This week, Marvel Comics published the first issue of Captain America: Steve Rogers in which it’s revealed that since his earliest days, Captain America has been a double agent for Hydra, the thinly veiled allegory for the Nazis; in an epic Twitter rant, Livejournal alumnus and Dreamwidth cofounder Denise Paolucci explains the way that perpetual copyright and business concentration has neutralized the ancient custom of collective storytelling of epic narratives, magnifying the harm from bad corporate decisions.
No one can say exactly why the writers chose to make such a radical shift in the story, though many hypothesize that it was for shock value, as a way of attracting attention to the new comic.
But it is a radical departure indeed, one that has especial significance in an era in which neofascist movements are rising, and when a cryptofascist is the presumptive nominee for one of the national US parties. On top of that, the character of Captain America was created by two Jewish writers at a time when the US hadn’t decided whether to involve itself in the European war against fascists, as a way of showcasing an American ideal that opposed Naziism.
Paolucci argues that epic, mythic stories have an important role in human culture, and that they have always mutated through this kind of retelling and reinterpretation. The difference now is that a small number of corporations own most of our modern myths, and have the legal right to suppress all the retellings except their official canon.
She makes this an argument for fan-fiction as part of this mythic retelling. I think she’s right: and the courts agree. Important appeals court rulings on copyright, like the one over The Wind Done Gone, have specifically held that fan-fiction that retells a story in order to comment on the canon and the ways that its owners have directed it are fair use.
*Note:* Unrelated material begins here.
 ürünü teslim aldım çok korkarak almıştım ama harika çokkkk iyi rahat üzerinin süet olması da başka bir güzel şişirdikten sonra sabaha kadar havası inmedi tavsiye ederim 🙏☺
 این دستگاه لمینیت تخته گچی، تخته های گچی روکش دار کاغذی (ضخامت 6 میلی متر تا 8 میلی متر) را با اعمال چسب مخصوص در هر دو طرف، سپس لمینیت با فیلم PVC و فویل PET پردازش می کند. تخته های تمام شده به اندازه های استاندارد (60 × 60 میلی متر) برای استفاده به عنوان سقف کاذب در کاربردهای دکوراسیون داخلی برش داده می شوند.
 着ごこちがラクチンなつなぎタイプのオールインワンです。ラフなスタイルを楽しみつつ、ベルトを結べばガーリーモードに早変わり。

#CaptainAmerica, like many comic superheroes, is a contemporary heroic epic that for decades has spoken to our best ideals.
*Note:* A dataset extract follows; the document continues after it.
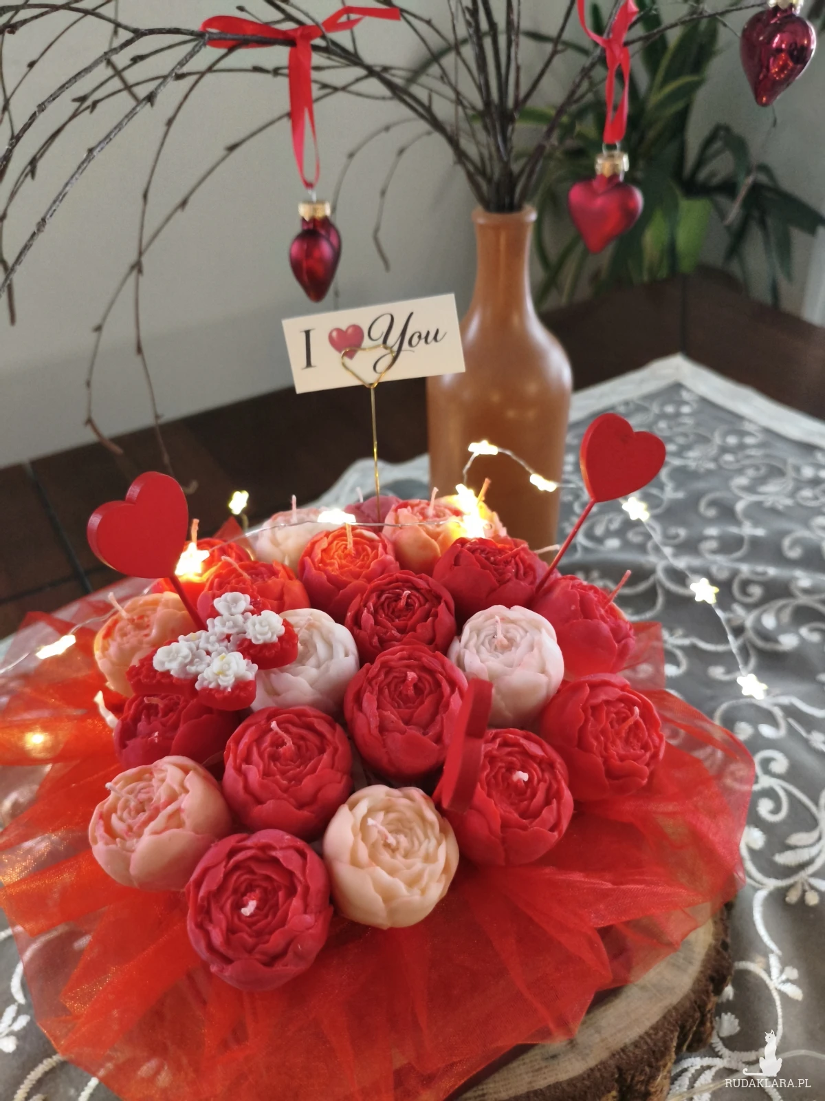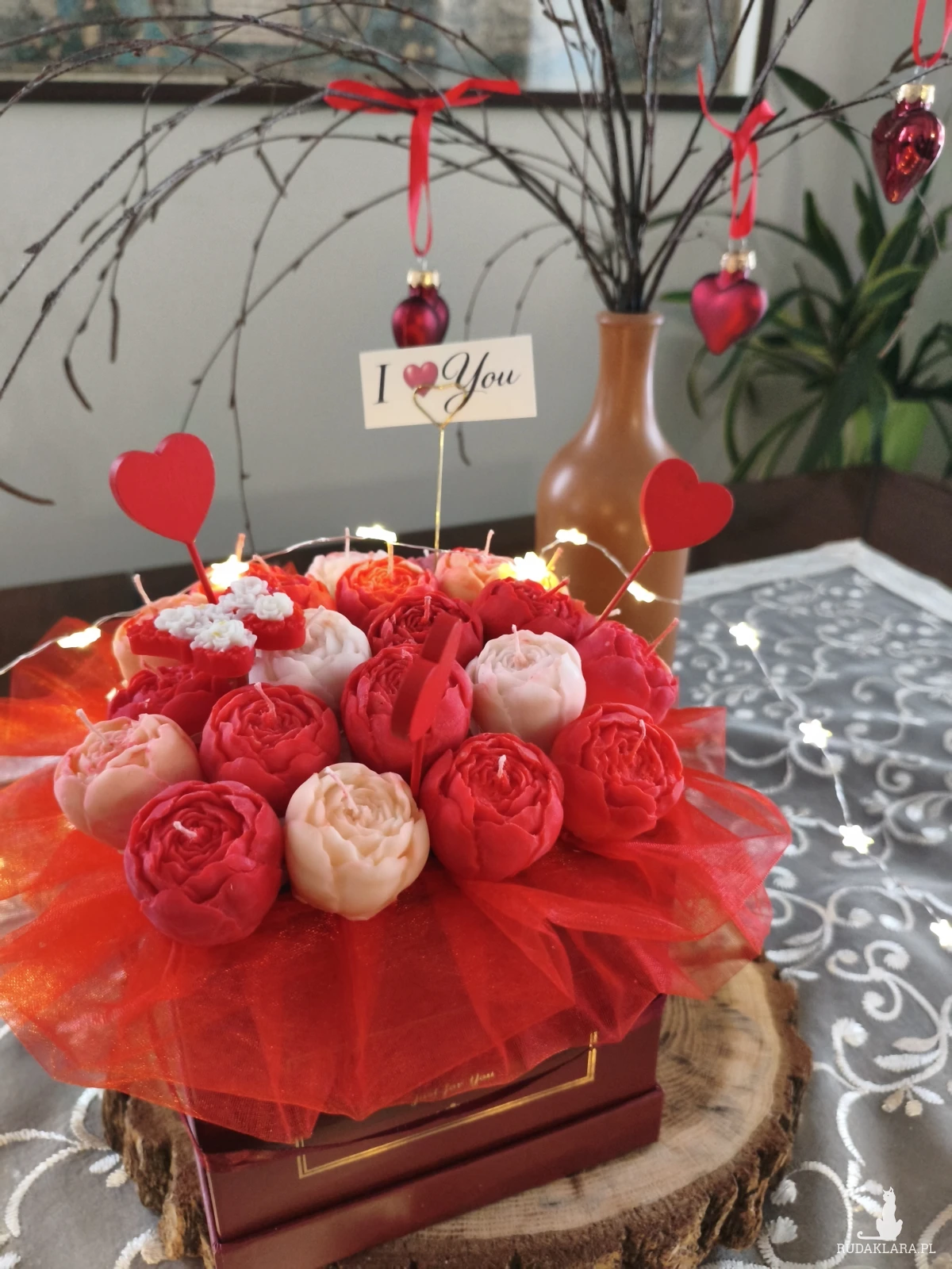 Flower box zawiera główki kwiatów które po wyciągnięciu z bukietu można zapalić. Flower box wysyłam zapakowany w celofan, wstążkę i bukiecik ze suszu oraz instrukcją palenia świec - gotowy do wręczenia jako prezent.
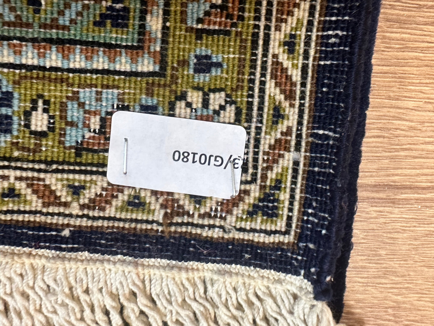 In unserem Onlineshop präsentieren wir Ihnen einen außergewöhnlichen handgeknüpften Perserteppich aus Ghom, gefertigt aus Wolle auf Seide und mit einem kunstvollen Lebensbaum-Muster. Dieser hochwertige Teppich befindet sich in einem brandneuen Zustand und misst 155x110cm. Die Artikelnummer dieses Kunstwerks lautet GJ0180.

When Cap is done right, he reminds us that individual action supports the collective good & of how individuals uphold societies.
That speaks to people! We all see the best parts of ourselves in Cap, and we identify with the message — especially today.
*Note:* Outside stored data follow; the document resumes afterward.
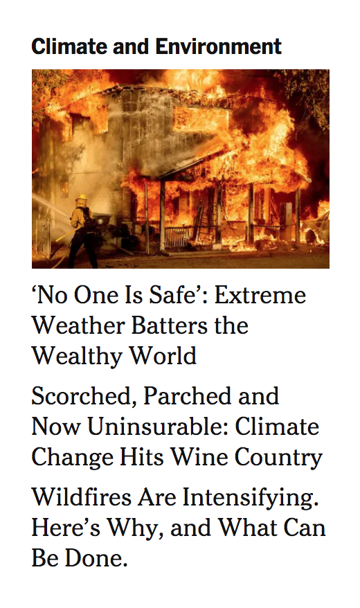 Check these three headlines out, from further down the NY Times home page, with the photo calculated to cause terror (the first is a repeat, about the wealthy also being in danger from climate catastrophe), making a big deal about natural occurrences that God Himself has caused:
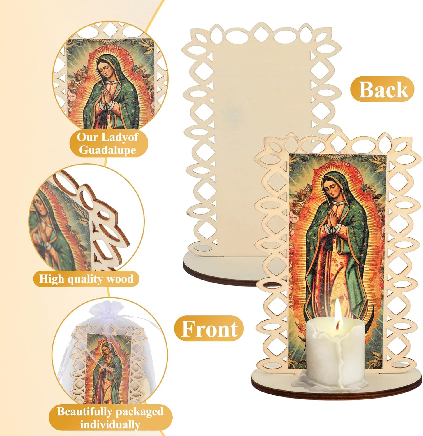 Features:Our Lady of Guadalupe wooden picture frames are excellent party gifts. Ideal for church functions, spiritual retreats, religious celebrations, or as favors for weddings, communions, or baptisms.Each frame comes with a white organza gift bag, allowing you to easily share these spiritual keepsakes with guests during baptisms, first communions, confirmations, or religious holidays. Thoughtfully designed in a convenient 6.7 x 4.5 inch size, these frames fit perfectly on desks, shelves, or walls—enhancing your home, prayer room, or church decor.Specifications:Main Material: WoodenColor: WoodSize: 11.5 x 17 cm / 4.5 x 6.7 inchesPackage includes:30 x Our Lady of Guadalupe Picture Frames30 x Organza BagsNotes:Manual measurement, please allow slight errors on size.The color may exist a slight difference due to different screen displays.
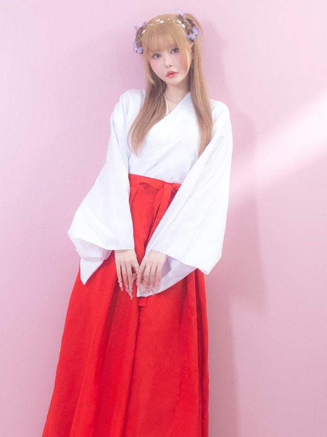 5. [SUPER SALE] コスプレ 巫女 コスプレ 体型カバー 袖あり 長袖 ロング丈 和装 ツイン ガーリー 2点セット (上衣/袴) femme fatale×Tika
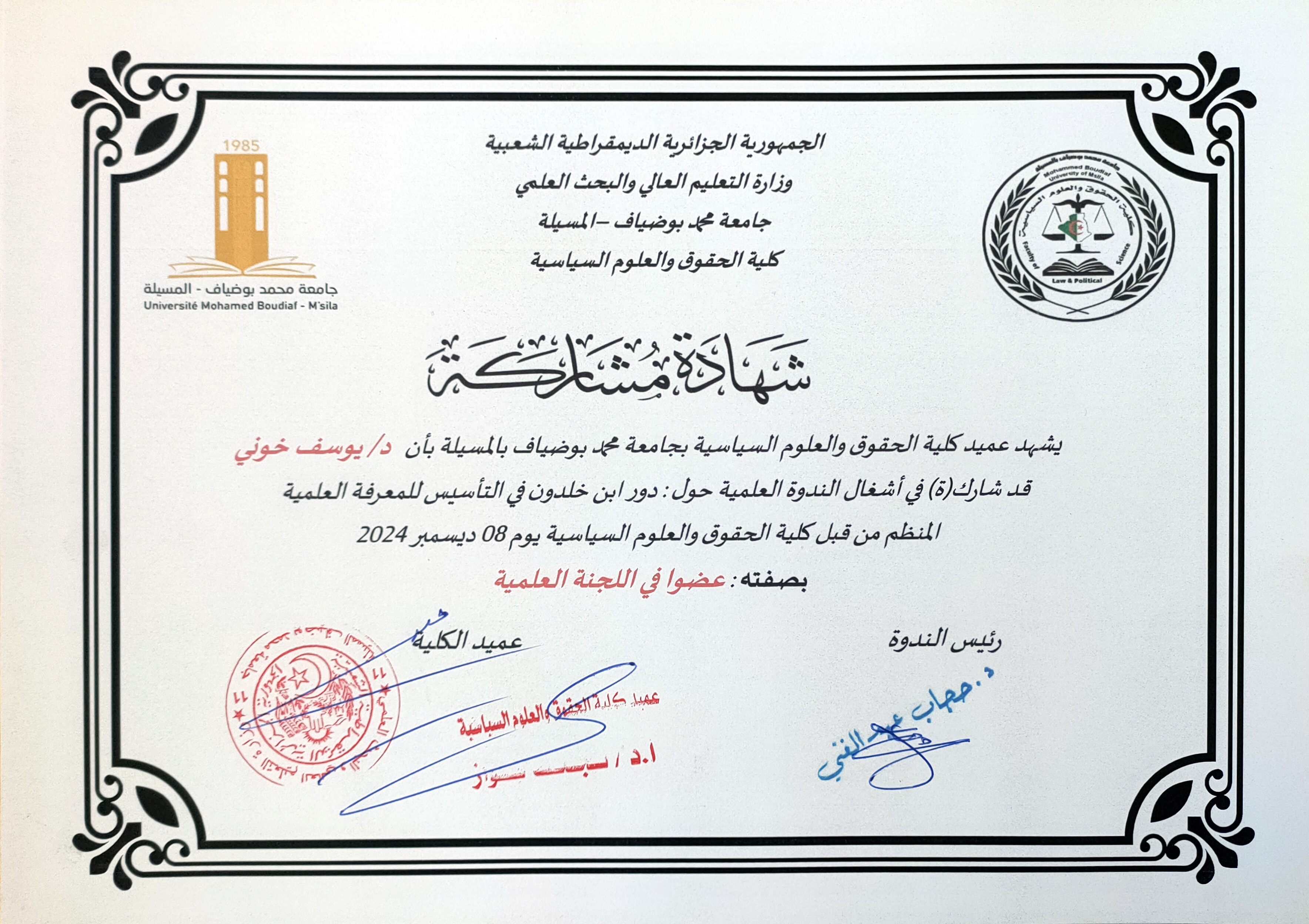M. KHOAUNI Youcef, (2024-12-08), "عضو اللجنة التنظيمية", [national] دور ابن خلدون في التاسيس للمعرفة العلمية
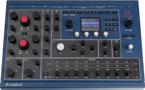 M är en kraftfull wavetable-synth som hyllar och återupplivar ljudet från klassiska Waldorf-syntar som Microwave I och II. Med äkta 8-rösters polyfoni (expandibelt till 16), dubbla wavetable-oscillatorer per röst, analoga filter och en tydlig användarpanel erbjuder Waldorf M både nostalgisk karaktär och modern flexibilitet. Du får tillgång till originalens varma och distinkta klangpalett, men med dagens bekvämligheter – som OLED-display, MIDI över USB, och omfattande modulationsmöjligheter. Waldorf M passar både för klassiska pads, vassa leads och experimentell ljuddesign, och är ett måste för dig som älskar den klassiska tyska wavetableskolan.
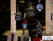 Τη «φλόγα της αγάπης» στο Χριστουγεννιάτικο Δέντρο άναψαν συμβολικά τα παιδιά της θεατρικής ομάδας ART των Τζένης Παπαδημάτου, Νικολέτας Βλαβιανού και Έφης Παππά.
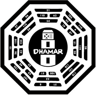 Su una delle pagine dell'articolo è riprodotto un logo del Progetto DHARMA pieno di numeri:

Like Homer reminded the ancient Greeks of their societal ideals, like Virgil reminded the Romans of theirs, Cap reminds Americans of ours.
Homer & Virgil grew into that role, though. Stories expanded as people retold them & the best parts lived — the parts that spoke to people.
People retold the epics in hundreds of ways and the versions that survived converged on the message that resonated most.
Contemporary heroic epics can’t do that anymore. They’re owned by a single rightsholder who has sole control over the story.
That single point of failure bottlenecks the natural evolution of the heroic epic down to what the ‘owner’ wants to do with it.
A single owner can never replicate the diversity of story that happens in an oral tradition. We get one version of the story, not many.
And the story is vulnerable to the owner deciding to drag it in a different direction because they don’t understand what parts resonate.
(Or because they want to shock people, or because they think it’s cool, or because they think it’s funny to upset people, or or or…)
In a healthy collaborative tradition, those massive tone-shift stories would happen, but they’d just be one version alongside all the others
And some people would like that version, and they could have it, but the other versions would still be circulating, and people could choose.
Today, the power of the law invests that ‘canonical’ version with authority: the only people who can legally tell Cap stories told this one.
People are upset because a heroic epic they were invested in took a sharp shift, violated the storytelling contract, & betrayed its ideals.
Sure, it’s going to get undone — it’s comics! — but people get PISSED when a storyteller violates the implied contract with the reader.